Для поведения третьего тира характерна как раз утрата связи, через которую от мотива передается действию смысл. Человек лишается сознательного контроля над связью своего поведения с исходным мотивом: хотя отдельные действия его остаются еще целенаправленными, он действует уже не "ради чего-то", а "вследствие чего– то". Таково упоминавшееся поведение человека, целенаправленно дерущегося у кассы со своим конкурентом в то время, как поезд отходит от станции. "Мотивация здесь, – говорит Н. Майер, – отделяется от причинения как объясняющее понятие" (221, с.371; ср.:142, с.101).
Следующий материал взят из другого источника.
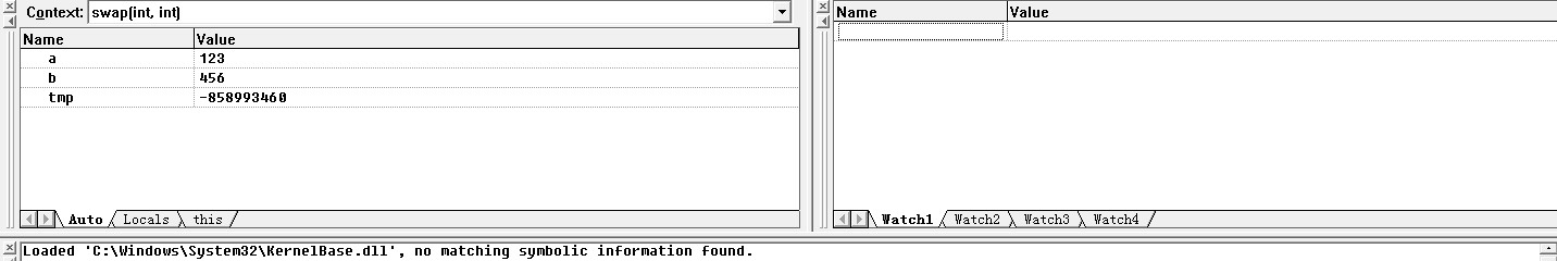 左边的是VC自动提供的课显示一个最近改变的变量的窗口,右边的即是Watch,我们可以在Name这一栏填入我们自己需要跟踪的变量,这里填入变量a、b和tmp,如图:
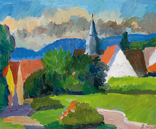 Heinz Friedrich: "Kleinfischlingen", 2009, Öl / Karton , 24 x 30 cm
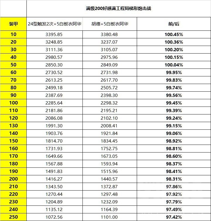 顶配装备下的24型,不考虑技能第二段,常态下也是输出和VV差不多,防御身板比VV强的首轮炮击无视战损船,32血27甲的差距虽然不如圣盾防御,但是抗压能力还是远超大部分船
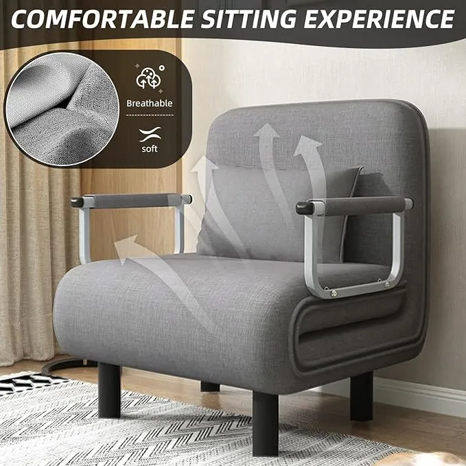 Améliorez votre espace avec ce fauteuil-lit convertible 4-en-1. Conçu avec un dossier réglable à six positions, des accoudoirs et des coussins amovibles, il allie confort et praticité. Idéal pour une utilisation intérieure ou extérieure, il se transforme facilement en lit pour se détendre.
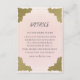 Cette carte de détails mariage rose vif est la pièce de coordination parfaite pour votre élégante suite de mariage. Doté d'un arrière - plan d'aquarelle douce aux fleurs dorées dans chaque coin, cette carte offre des informations essentielles sur l'hébergement dans une police serif raffinée. L'en-tête "Details", de style calligraphie moderne, apporte une touche élégante, créant un parfait mélange d'élégance classique et de design contemporain. Idéal pour partager les instructions de réservation d'hôtel, les liens vers le site Web ou les informations de voyage avec vos invités.
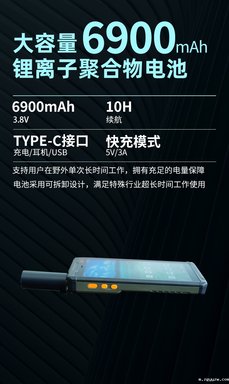 容量:6900mAh 续航10小时 支持可拆卸更换 |
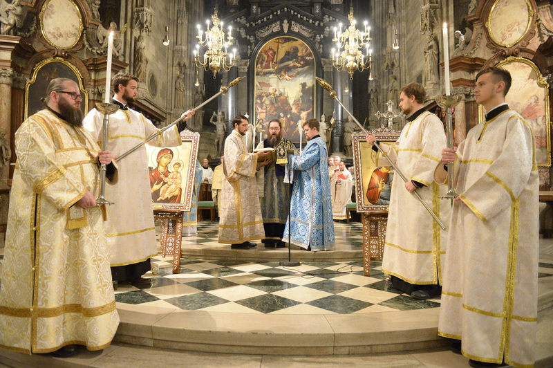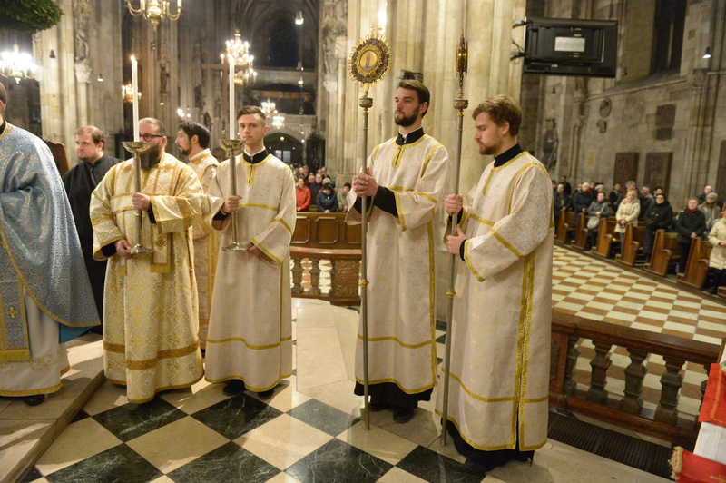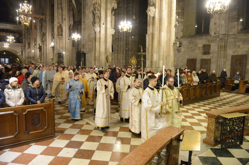 Im Rahmen des alljährlichen Priestertages wurde am Samstag, 9. Dezember 2017 im Stephansdom eine pontifikale Göttliche Liturgie unseres hl. Vaters des hl. Johannes Chrysostomus, unter Beisein des Ordinarius des byzantinischen Ordinariats von Österreich, Christoph Kardinal Schönborn zelebriert. Der 9. Dezember ist in vielen Ostkirchen das Fest der Empfängnis der Anna, der Mutter der Gottesgebärerin und immerwährenden Jungfrau Maria, und so wurde in der diesjährigen Liturgie dieses Festes gedacht.
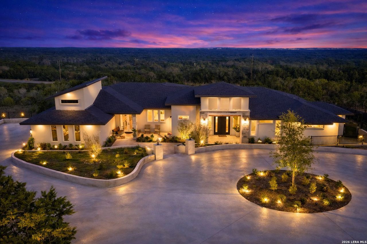 Hill Country Luxury | Custom Home with Sweeping Views in Ramble Ridge Stunning and move in ready! This meticulously crafted custom home sits on a scenic 1.66acre lot in the gated community of Ramble Ridge. Despite feeling like a private retreat, its no more than 10 minutes from local highways and shops. A massive estate style driveway with a 20 ft roundabout provides effortless access to the three car garage and plenty of guest parking. Mature oak trees and solar accent lighting add evening ambiance. A custom concrete stairway with illuminated columns lead to grand 8 ft double iron doors. Inside, a soaring great room showcases basketweave wood beams and a fully open concept kitchen, living and dining area with 180 degree scenic views. The chefs kitchen boasts high end marble countertops with a 2 inch custom edge, a 48 inch JennAir range, a matching 48 inch refrigerator, custom cabinets with built in hood, and a thoughtfully designed cook nook with custom lighting and shelves. A bespoke bar area makes this space perfect for entertaining. Down the hall youll find a custom laundry room with utility sink, quartz counters, abundant cabinetry and space for a secondary fridge. Two secondary bedrooms feature their own bathrooms with walk in showers and closets, plus scenic views. The primary suite serves as a private retreat with custom beams, a huge walk in shower and soaking tub overlooking the lush yard, a private deck for morning coffee, and an expansive walk in closet with island and quartz countertop. An additional bedroom with walk in closet and detached full bath can flex as a guest suite or a personal gym. The fully fenced, gated backyard is landscaped with mature plants and trees and includes a timer controlled irrigation system and fresh sod. With controlled community access, a low HOA fee and the convenience of being minutes from everyday amenities , this custom estate blends hill country seclusion and modern luxury. Come tour today before its gone!

Поведение четвертого типа, пользуясь термином К. Гольдштейна, можно назвать "катастрофическим". Это поведение не контролируется ни волей, ни сознанием субъекта, оно и дезорганизовано, и не стоит в содержательно-смысловой связи с мотивом ситуации. Последнее, важно заметить, не означает, что прерваны и другие возможные виды связей между мотивом и поведением (в первую очередь "энергетические"), поскольку, будь это так, не было бы никаких оснований рассматривать это поведение в отношении фрустрированного мотива и квалифицировать как "мотивонесообразное". Предположение, что психологическая ситуация продолжает определяться фрустрированным мотивом, является необходимым условием рассмотрения поведения как следствия фрустрации.

Возвращаясь теперь к поставленному выше вопросу о различении ситуации затрудненности и ситуации фрустрации, можно сказать, что первой из них соответствует поведение первого типа нашей типологии, а второй – остальных трех типов. С этой точки зрения видна неадекватность линейных представлений о фрустрационной толерантности, с помощью которых обычно описывается переход ситуации затрудненности в ситуацию фрустрации. На деле он осуществляется в двух измерениях – по линии утраты контроля со стороны воли, т.е. дезорганизации поведения и/или по линии утраты контроля со стороны сознания, т.е. утраты "мотивосообразности" поведения, что на уровне внутренних состояний выражается соответственно в потере терпения и надежды. Мы ограничимся пока этой формулой, ниже нам еще представится случай остановиться на отношениях между этими двумя феноменами.

Определение категориального поля понятия фрустрации не составляет труда. Вполне очевидно, что оно задается категорией деятельности. Это поле может быть изображено как жизненный мир, главной характеристикой условий существования в котором является трудность, а внутренней необходимостью этого существования – реализация мотива. Деятельное преодоление трудностей на пути к "мотивосообразным" целям – "норма" такой жизни, а специфическая для него критическая ситуация возникает, когда трудность становится непреодолимой (83, с.119, 120), т.е. переходит в невозможность.

Конфликт

Задача определения психологического понятия конфликта довольно сложна. Если задаться целью найти дефиницию, которая не противоречила бы ни одному из имеющихся взглядов на конфликт, она звучала бы психологически абсолютно бессодержательно: конфликт – это столкновение чего-то с чем-то. Два основных вопроса теории конфликта – что именно сталкивается в нем и каков характер этого столкновения – решаются совершенно по-разному у разных авторов.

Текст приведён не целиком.